=== ENTRIES SHOWN ===

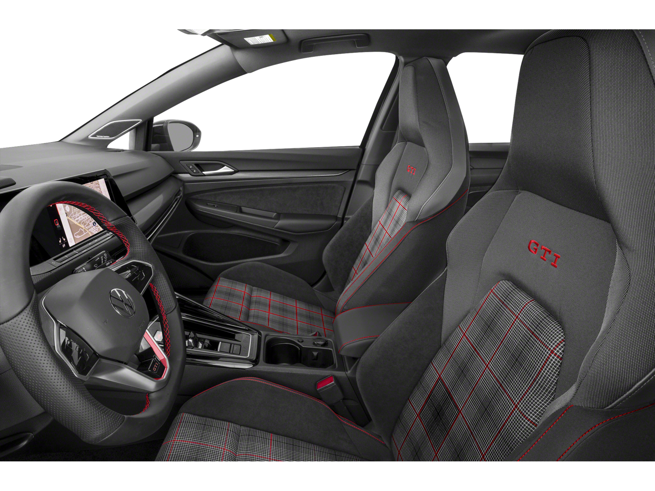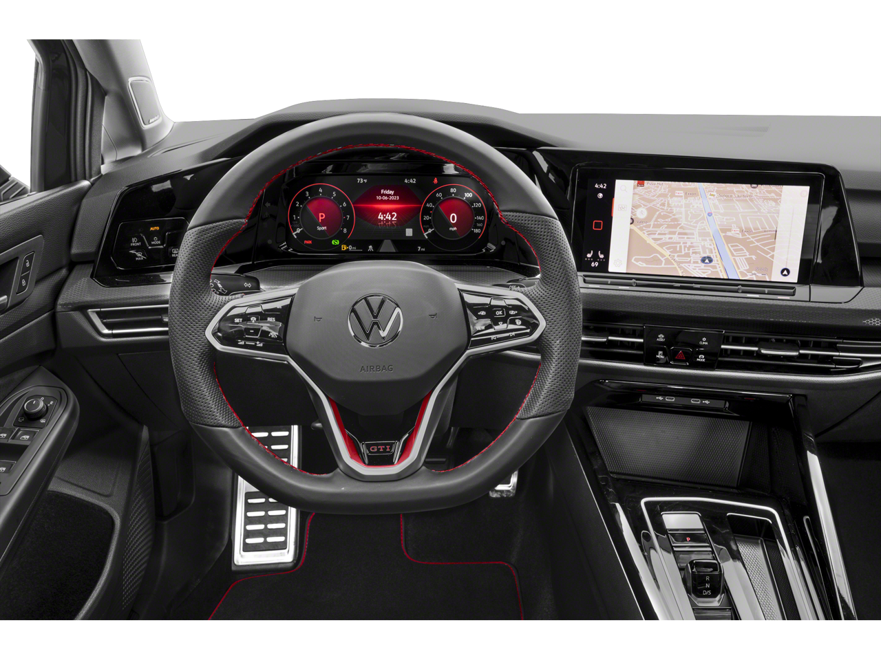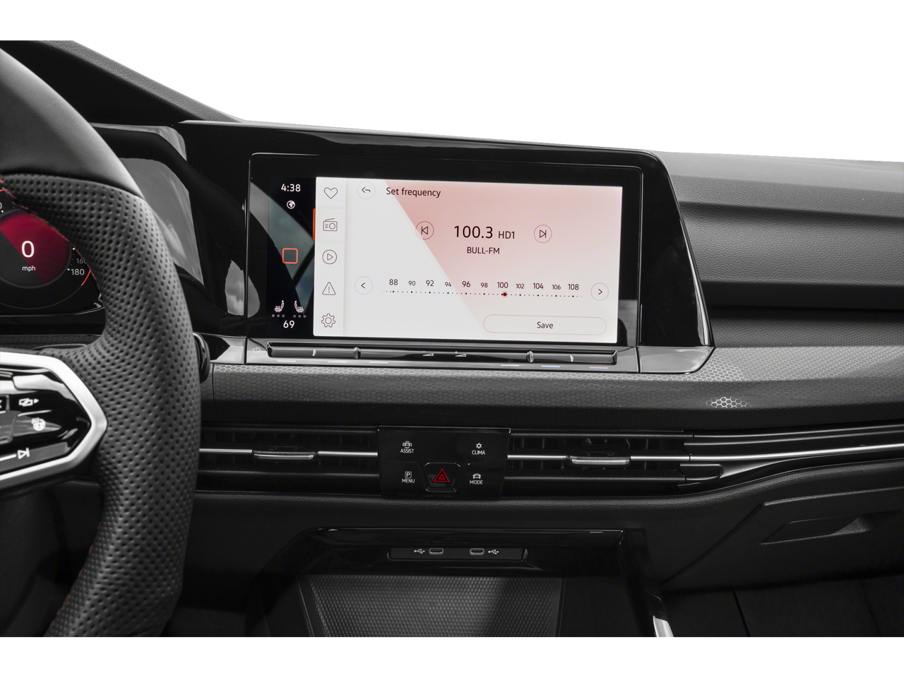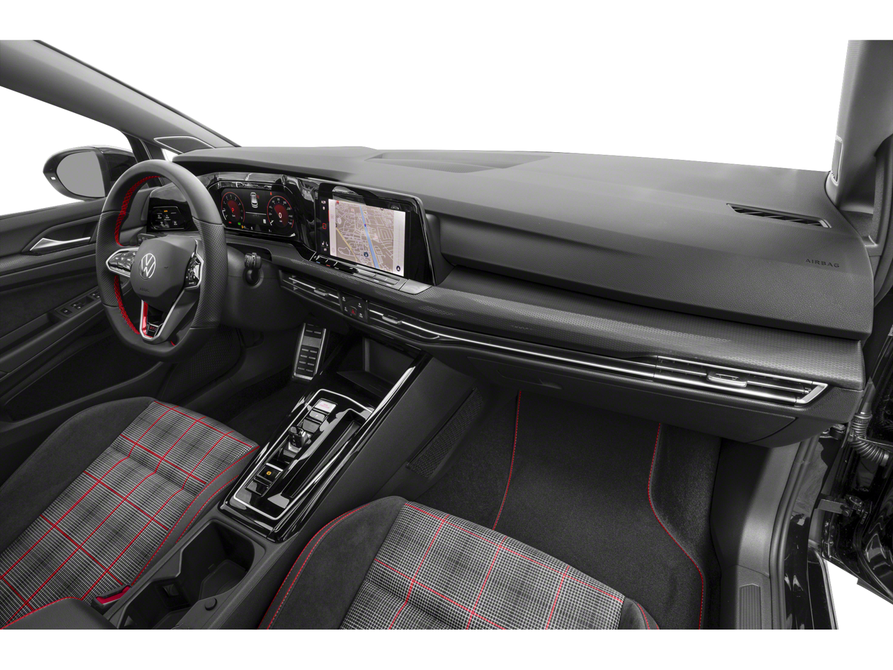 This 2024 Black Volkswagen Golf GTI SE FWD is well equipped and includes these features and benefits: 4-Wheel Disc Brakes, 9 Speakers, ABS brakes, Adaptive suspension, Air Conditioning, Alloy wheels, AM/FM radio: SiriusXM with 360L, Auto-dimming Rear-View mirror, Automatic temperature control, Brake assist, Bumpers: body-color, Cloth Seating Surfaces, Compass, Delay-off headlights, Driver door bin, Driver vanity mirror, Dual front impact airbags, Dual front side impact airbags, Electronic Stability Control, Emergency communication system: VW Car-Net Safe & Secure 5-year, Exterior Parking Camera Rear, Forward collision: FCW w/Autonomous Emergency Braking mitigation, Four wheel independent suspension, Front anti-roll bar, Front Bucket Seats, Front Center Armrest, Front fog lights, Front reading lights, Fully automatic headlights, harman/kardon® Speakers, Heated door mirrors, Heated front seats, Heated Front Top Sport Seats, Heated steering wheel, Illuminated entry, Lane Departure Warning System, Leather Shift Knob, Leather steering wheel, Low tire pressure warning, Navigation System, Occupant sensing airbag, Outside temperature display, Overhead airbag, Overhead console, Panic alarm, Passenger door bin, Passenger vanity mirror, Power door mirrors, Power driver seat, Power moonroof: Panoramic, Power passenger seat, Power steering, Power windows, Radio data system, Radio: MIB3 Discover Pro w/10 Touchscreen Navi, Rain sensing wipers, Rear anti-roll bar, Rear reading lights, Rear seat center armrest, Rear window defroster, Rear window wiper, Remote keyless entry, Security system, Speed control, Speed-sensing steering, Speed-Sensitive Wipers, Split folding rear seat, Spoiler, Sport steering wheel, Steering wheel mounted audio controls, Tachometer, Telescoping steering wheel, Tilt steering wheel, Traction control, Trip computer, Turn signal indicator mirrors, Variably intermittent wipers, and Wheels: 19 Multi-Spoke Gloss Black Painted Alloy.
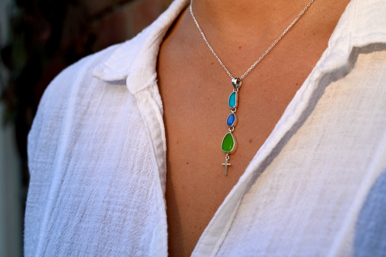sea glass pendant necklaces with 17" oval chain (3 choices)
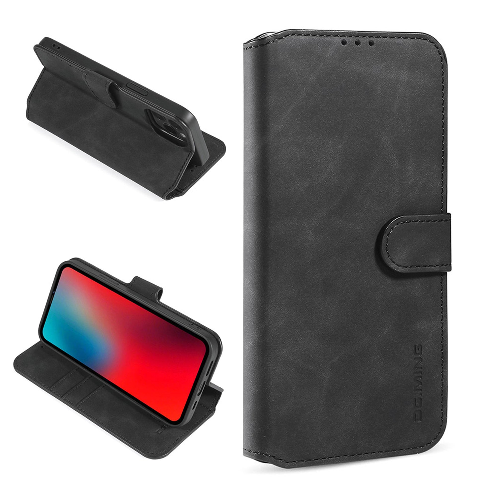 Retro wallet-style leather case for iPhone 13 Pro. The DG.MING Retro case is made from vintage looking PU leather and features three card slots. It has a magnetic clasp and can be folded to hold the iPhone 13 Pro in horizontal position for video viewing.
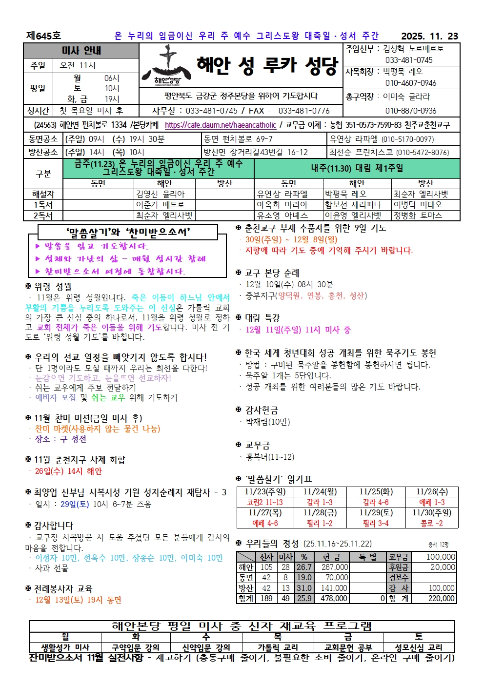해안 - 2025년 11월 23일 온 누리의 임금이신 우리 주 예수 그리스도왕 대축일(성서주간)
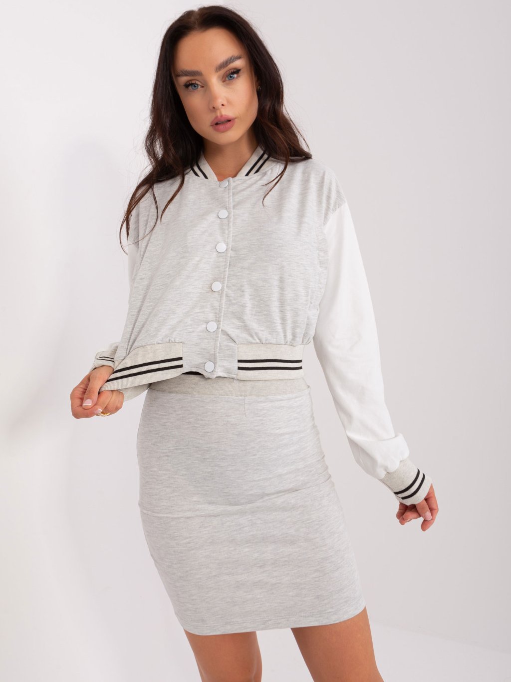 SVĚTLE ŠEDÁ SOUPRAVA SUKNĚ A BASEBALLOVÉ MIKINY

===

* WORK INSTRUCTIONS: Lines from the one with "Retro wallet-style leather" through the final line of the records are the whole answer; print them exactly, minus any pictures.

* ANSWER TO THIS PROBLEM:
 Retro wallet-style leather case for iPhone 13 Pro. The DG.MING Retro case is made from vintage looking PU leather and features three card slots. It has a magnetic clasp and can be folded to hold the iPhone 13 Pro in horizontal position for video viewing.
해안 - 2025년 11월 23일 온 누리의 임금이신 우리 주 예수 그리스도왕 대축일(성서주간)
 SVĚTLE ŠEDÁ SOUPRAVA SUKNĚ A BASEBALLOVÉ MIKINY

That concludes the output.